Before we did protection-by-network, we would only ever get into the situation with an extra-outbound peer if we had a stale tip (30 minutes). Unless we are eclipsed or something weird is going on, this happens naturally a few times per day on average.
If we are in that situation, it is not very probable that we'd evict the outbound peer that we'd rather have as an addnode peer. First of all, we'd usually just evict the new extra-peer (unless it provides a new block, which should happen very rarely, especially when we have other high-bandwidth OB peers at the same time). But even in the rare cases, we often would not evict the specific peer to solve the addnode problem, that peer might be one of the 4 protected peers, or we might just pick another one.
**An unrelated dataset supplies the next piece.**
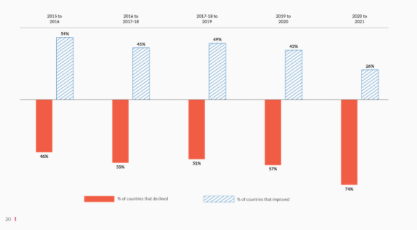 - This pre-pandemic negative trend seriously expanded during the COVID-19 pandemic, reaching a new high of 74% of all countries surveyed.

I'd guess you could probably have waited for months to actually evict a mis-placed peer that way. So I'd say that the stale-tip eviction was never a functioning mechanism to resolve these kind of addnode problems (and never meant to be), and as a result, #27213 was not a regression - in practice, it might arguably be even an improvement instead of a regression, because in those cases where the peer in question is not the only one from its network, we'll get into the situation where we have an extra peer to evict more frequently than before.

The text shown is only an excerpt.